As Ramadan Remittances Pour In Ahead of Eid, Bangladesh Central Bank Intervenes

A road-side money exchanger in Bangladesh counted money behind a display of bank notes in Dhaka in 2003.

 

Agence France-Presse/Getty Images

With celebrations marking the end of Ramadan just days away, money is pouring into Bangladesh from the country’s millions of migrant workers abroad.

That’s good news for families, but a headache for the country’s central bank, which said it would intervene in foreign-exchange markets in an effort to prevent a sharp rise in the value of the local currency, the taka.

Officials at Bangladesh Bank in Dhaka said the bank started buying U.S. dollars on Thursday to blunt the appreciation of the taka during the festival season.

Bangladesh typically sees a surge in inward remittances ahead of Eid al-Fitr, which marks the end of Ramadan in this Muslim-majority nation. The taka was trading at 77.60 to dollar on Thursday, compared to 77.20 a week ago.

Bangladesh Bank officials did not say how much currency the bank might buy during this round of intervention. In the year ended June 30, the bank bought almost $400 million.
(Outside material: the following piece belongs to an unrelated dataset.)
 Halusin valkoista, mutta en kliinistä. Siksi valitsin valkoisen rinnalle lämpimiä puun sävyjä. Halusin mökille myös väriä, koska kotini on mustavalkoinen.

The Bangladeshi currency has risen steadily against the dollar since late 2012, when it was trading at 84 takas to the dollar.
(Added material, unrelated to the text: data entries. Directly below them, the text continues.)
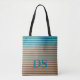 Horizontal Stripes Brown & Blue Monogram Tote Bag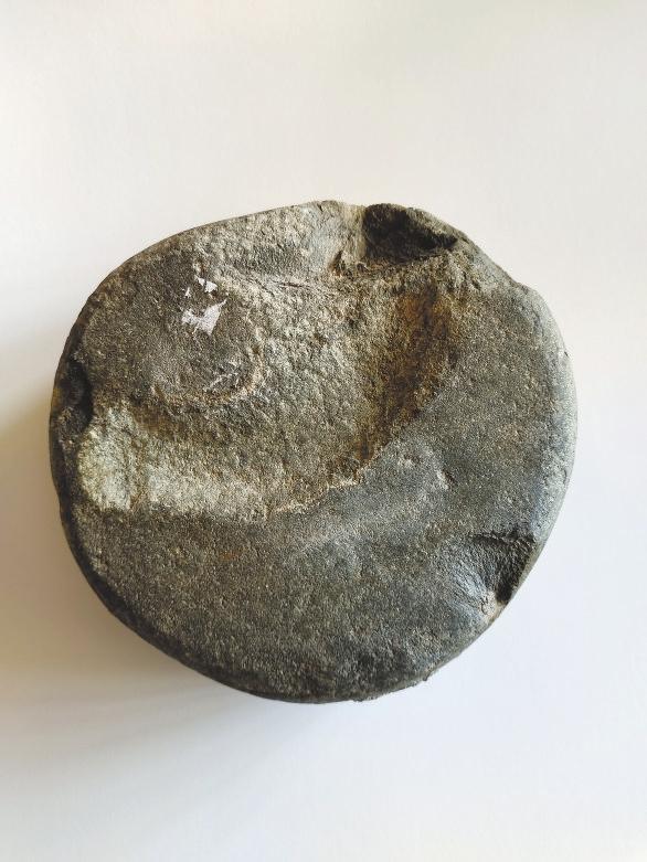 齊家文化的“盤狀石器”除“敲砸器”以外,還有一點比較特殊,其雙面分別琢制有日紋和月紋。目前所知,這類“盤狀石器”只在齊家文化遺存中出現(xiàn),是齊家文化石器的特有器型,石質(zhì)大多為礫石、河礫石。這種齊家文化特有的琢紋盤狀石器,學界尚未有統(tǒng)一命名,通常所見為:“圓形見手窩敲砸器”“刻符石”“刻符石器”。民間俗稱為:“練功石”“日月石”“星月石器”等。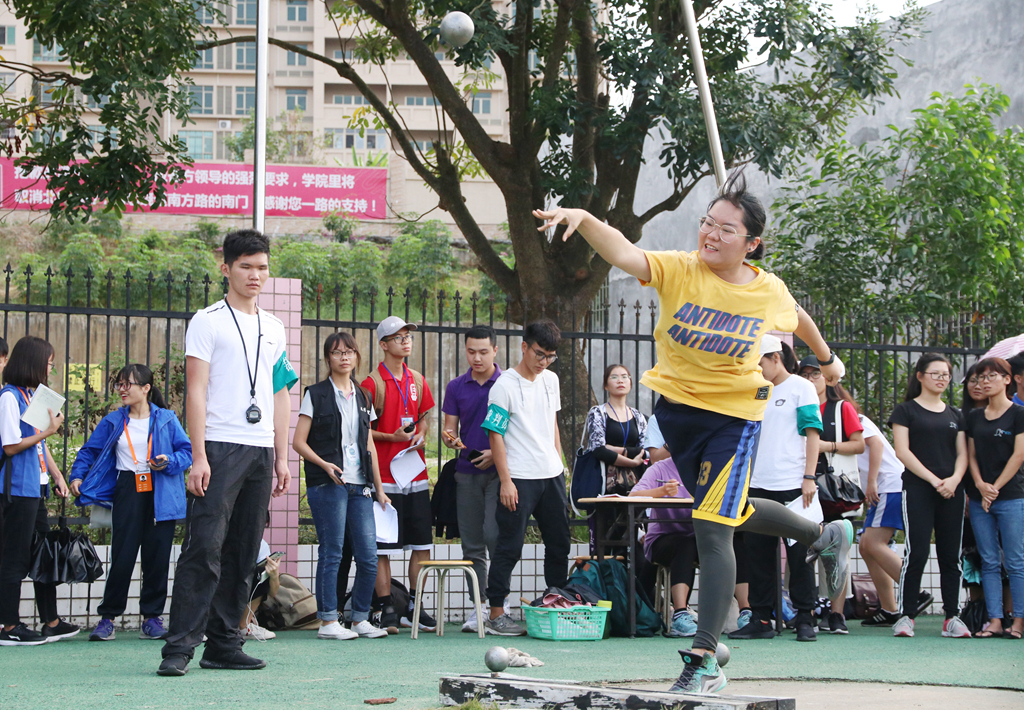 “天气不似如期,但要走,总要飞。”随着裁判下令女子普通组铅球比赛的开始,一道道完美的抛物线在铅球场上的运动员的手里画出,投入草坪与沙坑中。有一位健将,被法政人儿们寄予了厚望,每一投都牵动人心。两个半小时于紧张屏息中悄然流逝,最后一投在爆发的欢呼声中槌定冠军。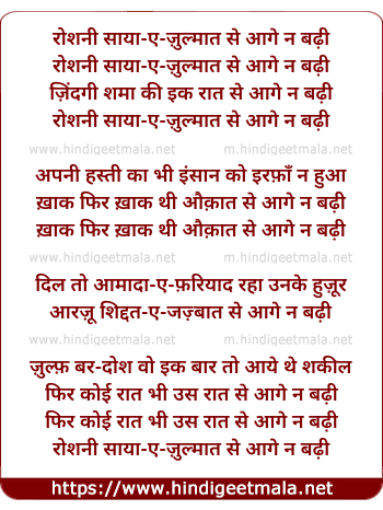 Lyrics of Roshani Saayaa E Zulmaat Se Aage Na Badhi - रोशनी साया-ए-ज़ुल्मात से आगे न बढ़ी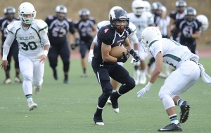 2015 November 14 SPT – HSA PHOTO BY BRUCE ASATO -Radford’s Jake Walter (4) gets some yardage after the catch with Konawaena’s Jordan Kikugawa (14) closing on the play in the first quarter of the Konawaena vs Radford in the HHSAA football division 2 playoffs at Roosevelt HS stadium, Saturday, November 14, 2015.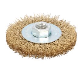 Дисковая щетка с латунной проволокой Резьба M14 Для легкой и средней очистки Для удаления остатков резины, окалины и сварных швов.
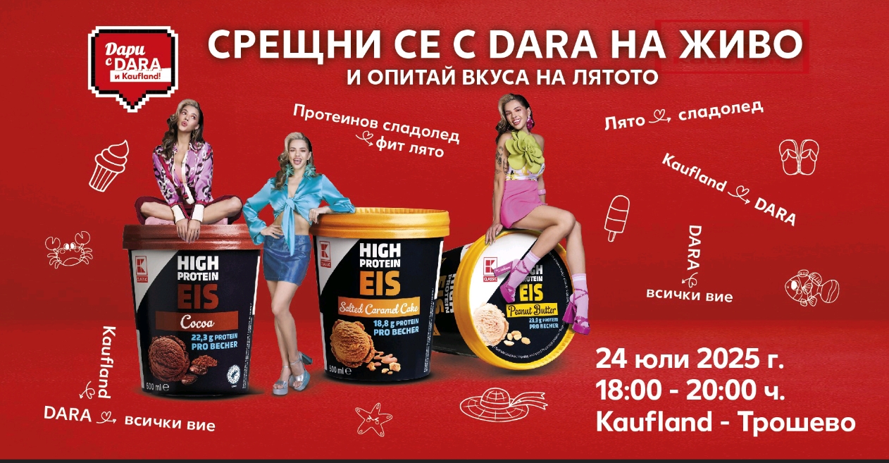Летните емоции във Варна ще станат още по-сладки на 24 юли, когато поп идолът DARA ще се срещне лично с феновете си в хипермаркета на Kaufland в кв. „Трошево“. Срещата ще започне в 18:00 ч. и ще продължи до 20:00 ч., като всеки почитател ще има възможност за снимка, автограф и кратък личен момент с изпълнителката. По време на срещата петима ще могат да спечелят и двойни билети за концерта на изпълнителката във Варна на 20 август.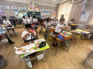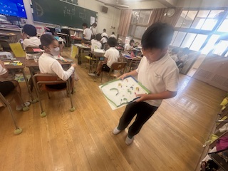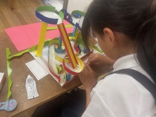 5年生が、ビー玉を転がして遊ぶ工作をしていました。迷路のような通路を作ったり、坂道を作ったり、二階建て、三階建てにしたりと、それぞれ工夫をしていました。私が行くと、いろいろ説明をしてくれて、「遊んでみて」と遊んでいる時に工夫を説明してくれました。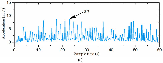 The acceleration curves of the robot: (a) the direct gait switching strategy, (b) the fuzzy-inference-based gait switching strategy, and (c) the combined omnidirectional and fuzzy-inference-based gait switching strategy. The acceleration is the absolute value of the inertial acceleration.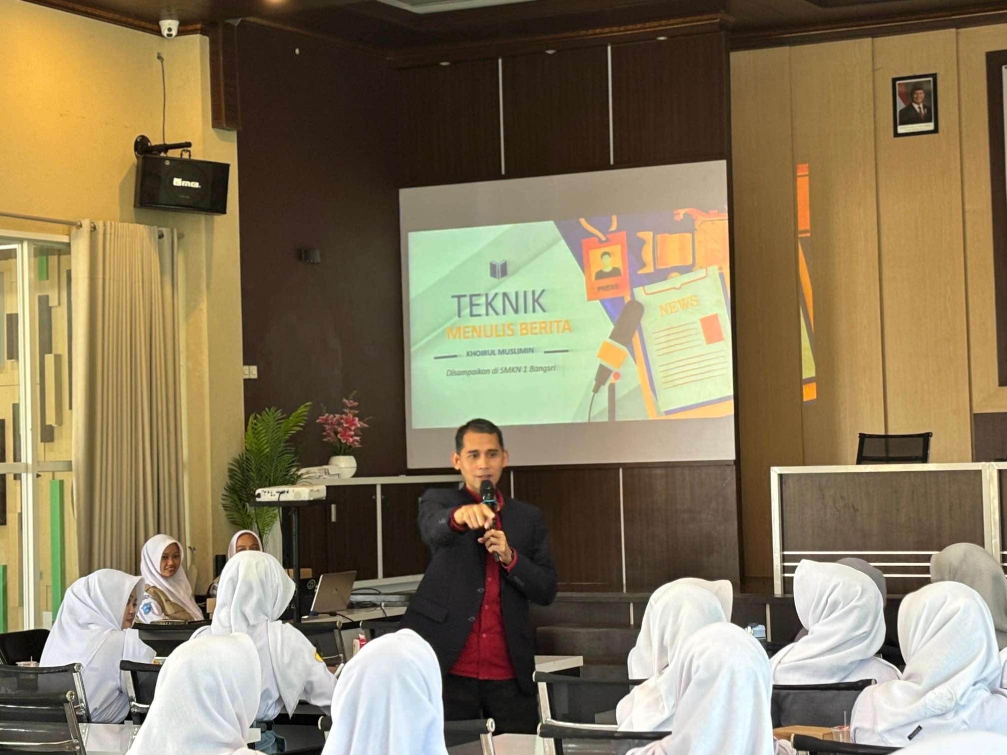 “Dalam menulis berita pada bagian body, gunakan kombinasi kalimat langsung dan tidak langsung agar informasi lebih kaya dan tetap jelas,” ucap Khoirul saat menyampaikan materi Jurnalistik dihadapan pada siswa.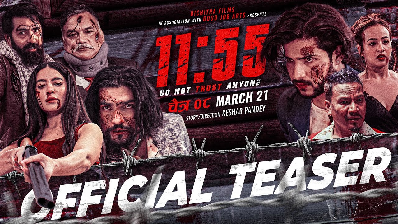 काठमाडौं, २०८१ फागुन ४ आइतवार। अगामी चैत्र ८ गतेबाट प्रदर्शनमा आउने चलचित्र ‘११:५५’ (डु नट ट्रस्ट एनिवन)को अफिसियल टिजर सार्वजनिक भएको छ । चलचित्रको आइतबार सार्वजनिक १ मिनेट ३४ सकेण्ड लामो टिजरले चलचित्रको कथावस्तुबारे प्रकाश पार्छ । लभ, रोमान्स, धोका र बदलाको रहस्यले भरिपूर्ण चलचित्रको टिजरले दर्शकमाझ उत्साह पैदा गर्ने देखिन्छ ।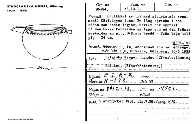 ETNOGRAFISKA MUSEET, Göteborg ETNOGR. 283tak. ELANDERS. 0E10 502. 11. 53. Gen. n:r 85484. Sam!. n:r I 58.13,1. i Dep. n:r . Föremål: Mjölkkärl av trä med. glödristad.e...orna,!. ment, Kärlväggen tunn-, En lång spricka i ena sidan som sedan lagats-. Kärlet har upptill på den bakre kortsidan en tapp och på den främr• -kortsidan -en -pip. Största -bredd — från tapp tir pip, — -24 ,cm, 1900-191 Insaml., Qiizac av : ..D...Th,...Anderå son—som-var rKongo Köp 'från: p,0 „Eriksson. Göteborg. 20/5 l95E Lokal: Belgiska- Kongo: Ruanda, (Efterbestämnink Batutsi. (Efterbestämning.) Stam : 9t.ä.11: --S. R - -R • Depon.: Magasin: 11 '--- 2 -. 2 , Byte till: Negat. n:r g g 1 2., — i 3 Bild n:r Pi 5- C) I . Skiopt. „ Kliché „ i Pub!. Årstrycket 19589 fig.7,Göteborg 196). . - [ocr]

Remittances from migrant workers – the country’s second-largest source of foreign currency earnings after garment exports – stood at just over $14 billion in the year ended June 30. About $2 billion comes in around the Eid holiday, according to central bank data.

Saidur Rahman, a senior central bank official involved in the intervention, said it was designed to keep the Taka stable to protect the interests of migrant workers and other foreign exchange earners.

A stronger taka means migrant workers’ families get less money after foreign currency conversion. A stronger taka also makes Bangladeshi goods more expensive overseas, hurting exporters, including the country’s $20 billion-a-year garment industry.

The Bangladesh Garment Manufacturers and Exporters Association regularly complains that a stronger taka has left the industry struggling to compete with rivals in countries such as India and Vietnam.

During Eid, most Bangladeshi banks, many of whom provide remittance services and act as agents for money-transfer companies such as Western Union WU +0.51%, face a cash crunch as households spend money on clothes, gifts and home refurbishments. Banks typically borrow from each other, sending the “call money rate” – the short term interest rate – soaring.